▶ [Excerpted data]
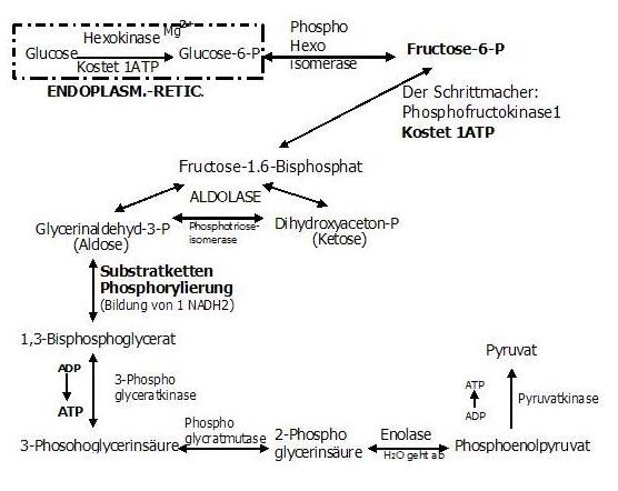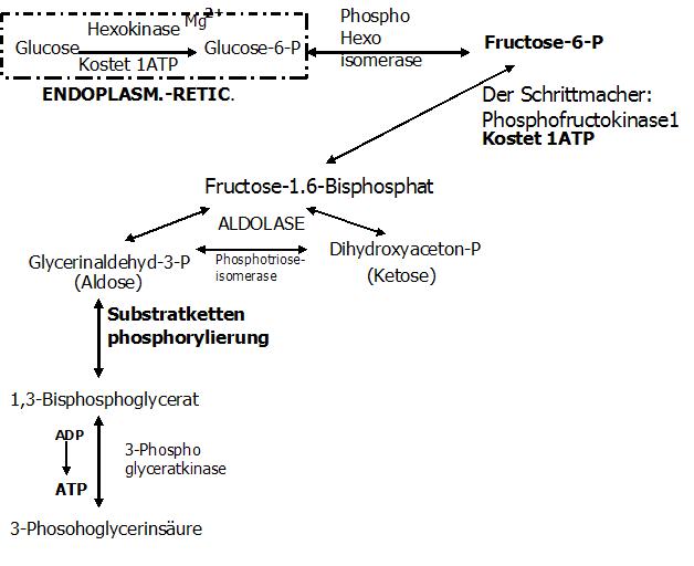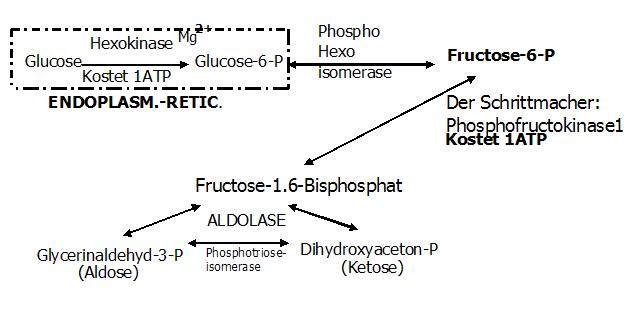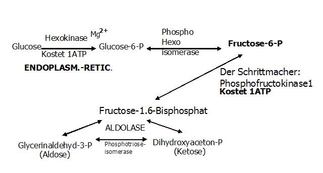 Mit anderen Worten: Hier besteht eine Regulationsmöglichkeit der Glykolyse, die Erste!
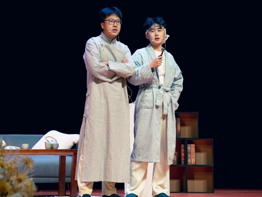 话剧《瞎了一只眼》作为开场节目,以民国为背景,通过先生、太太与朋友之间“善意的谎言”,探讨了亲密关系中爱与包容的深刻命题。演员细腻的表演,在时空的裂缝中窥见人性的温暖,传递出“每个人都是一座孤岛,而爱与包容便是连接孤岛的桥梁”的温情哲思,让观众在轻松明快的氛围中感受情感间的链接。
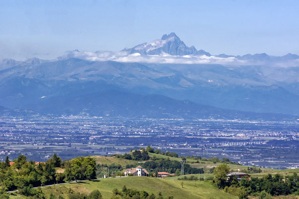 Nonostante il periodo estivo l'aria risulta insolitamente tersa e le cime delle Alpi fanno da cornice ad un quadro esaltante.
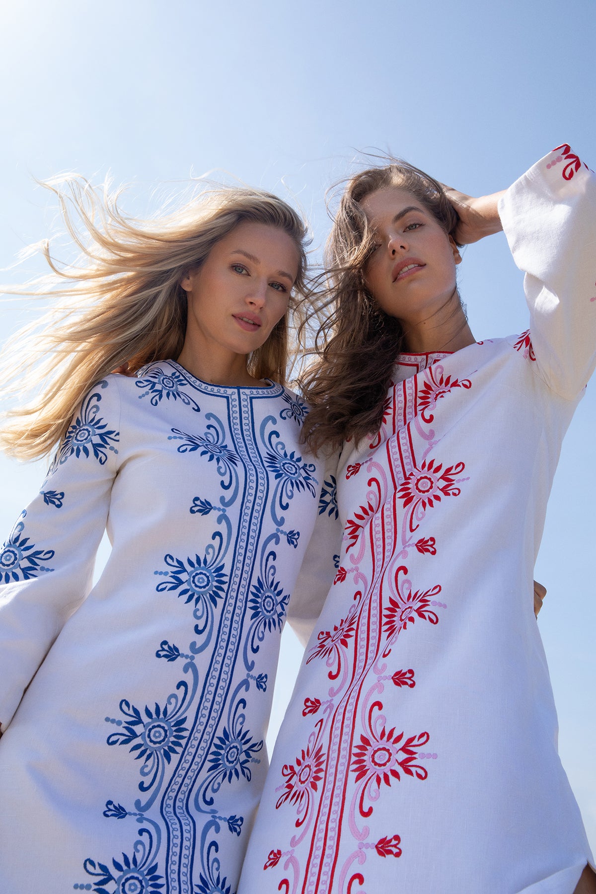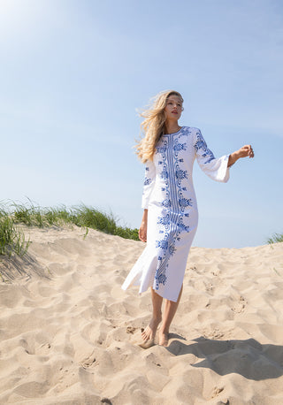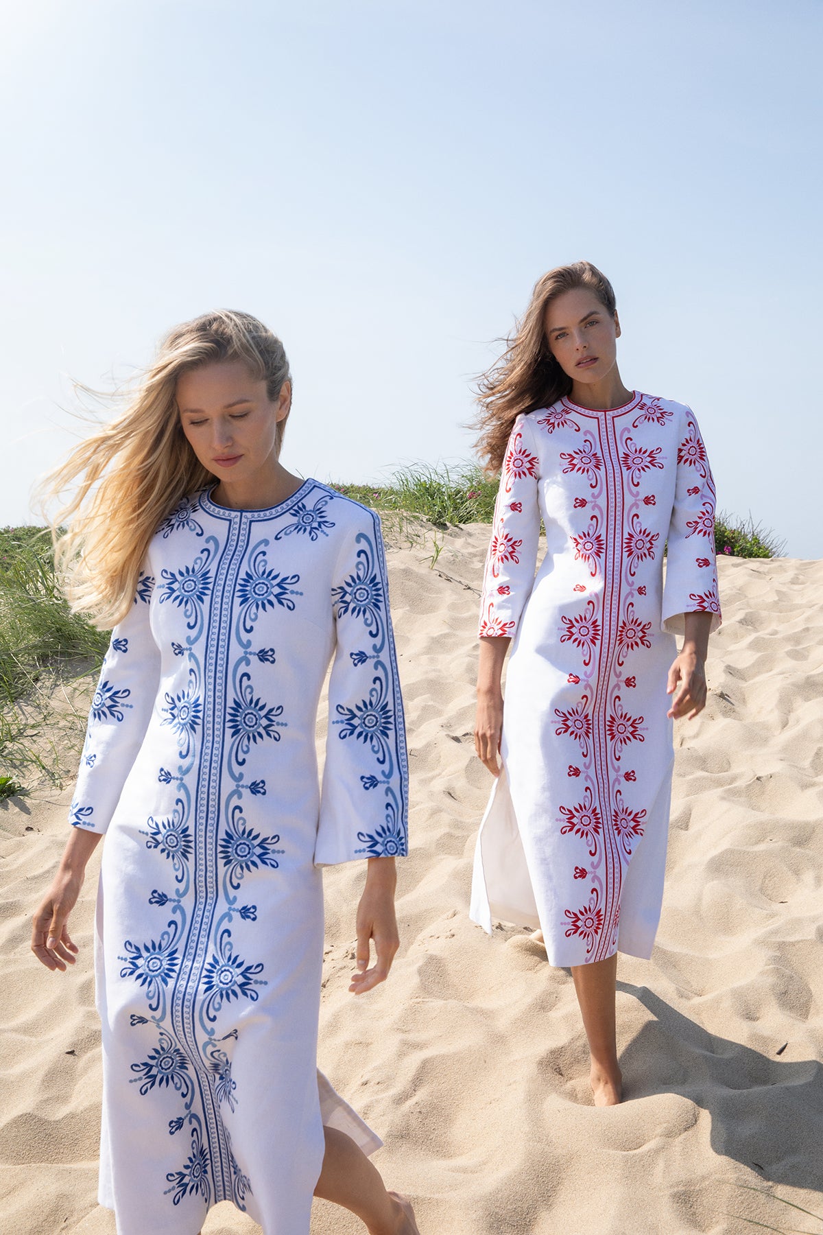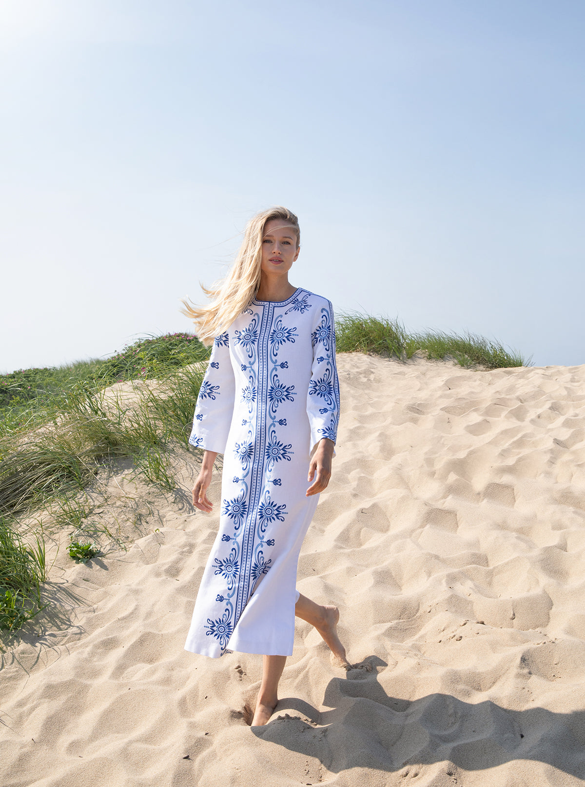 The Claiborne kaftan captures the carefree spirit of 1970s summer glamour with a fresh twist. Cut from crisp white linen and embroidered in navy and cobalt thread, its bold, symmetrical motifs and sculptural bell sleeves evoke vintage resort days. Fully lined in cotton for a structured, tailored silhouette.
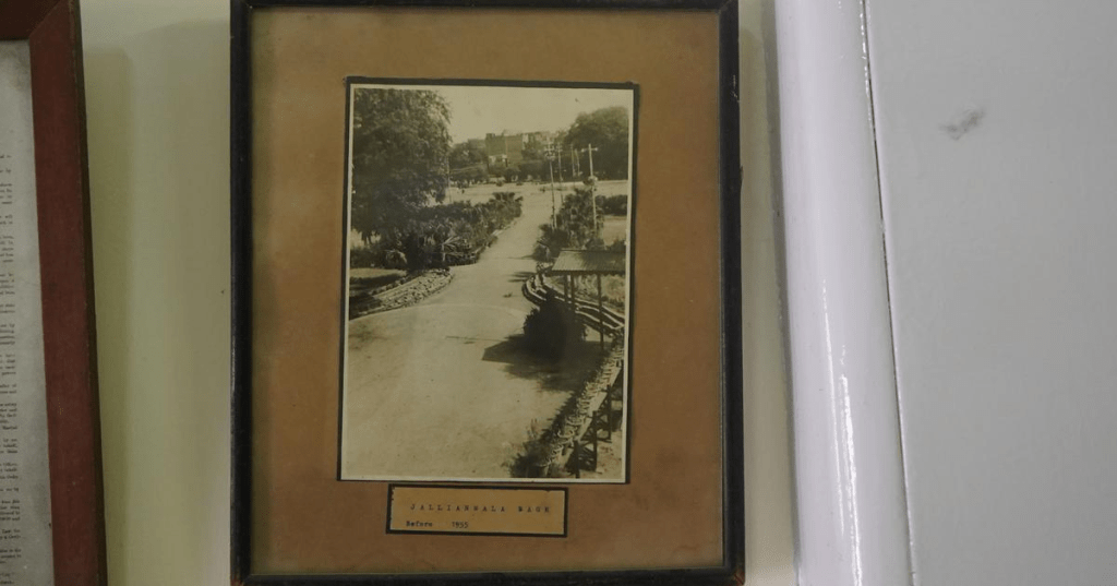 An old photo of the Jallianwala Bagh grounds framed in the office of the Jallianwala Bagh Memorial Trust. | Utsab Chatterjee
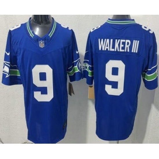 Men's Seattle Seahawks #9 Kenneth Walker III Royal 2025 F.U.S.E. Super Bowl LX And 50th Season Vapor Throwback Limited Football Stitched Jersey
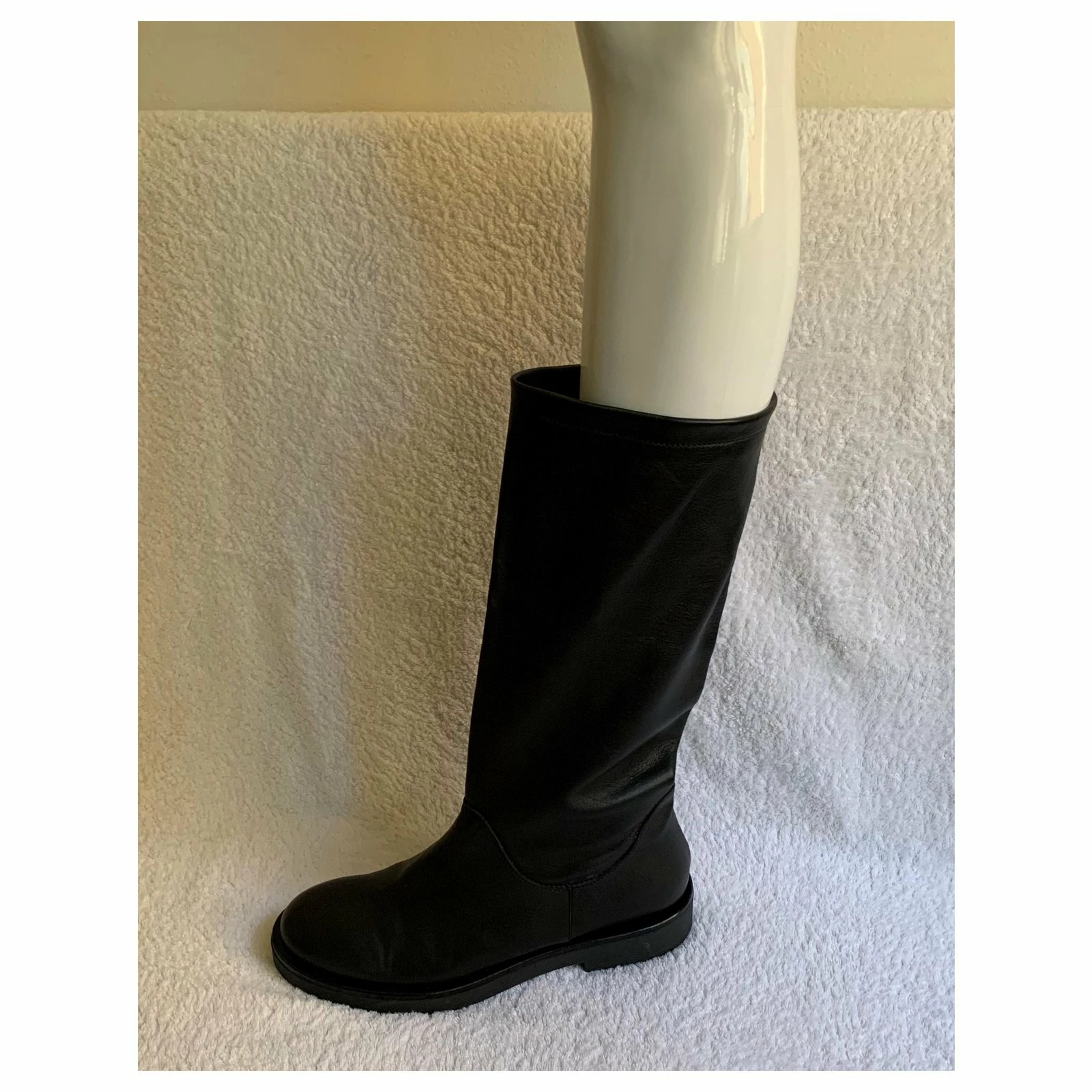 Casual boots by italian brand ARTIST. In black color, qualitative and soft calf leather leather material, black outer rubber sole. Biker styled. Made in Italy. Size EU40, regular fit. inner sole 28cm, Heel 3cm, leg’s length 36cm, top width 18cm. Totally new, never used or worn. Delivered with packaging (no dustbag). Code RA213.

▶ [The task] Within the listing above, the stretch from the line with "话剧《瞎了一只眼》作为开场节" down to the line with "Nonostante il periodo" is to be given again exactly, end lines included and pictures excluded.

▶ [Output for this task]
 话剧《瞎了一只眼》作为开场节目,以民国为背景,通过先生、太太与朋友之间“善意的谎言”,探讨了亲密关系中爱与包容的深刻命题。演员细腻的表演,在时空的裂缝中窥见人性的温暖,传递出“每个人都是一座孤岛,而爱与包容便是连接孤岛的桥梁”的温情哲思,让观众在轻松明快的氛围中感受情感间的链接。
 Nonostante il periodo estivo l'aria risulta insolitamente tersa e le cime delle Alpi fanno da cornice ad un quadro esaltante.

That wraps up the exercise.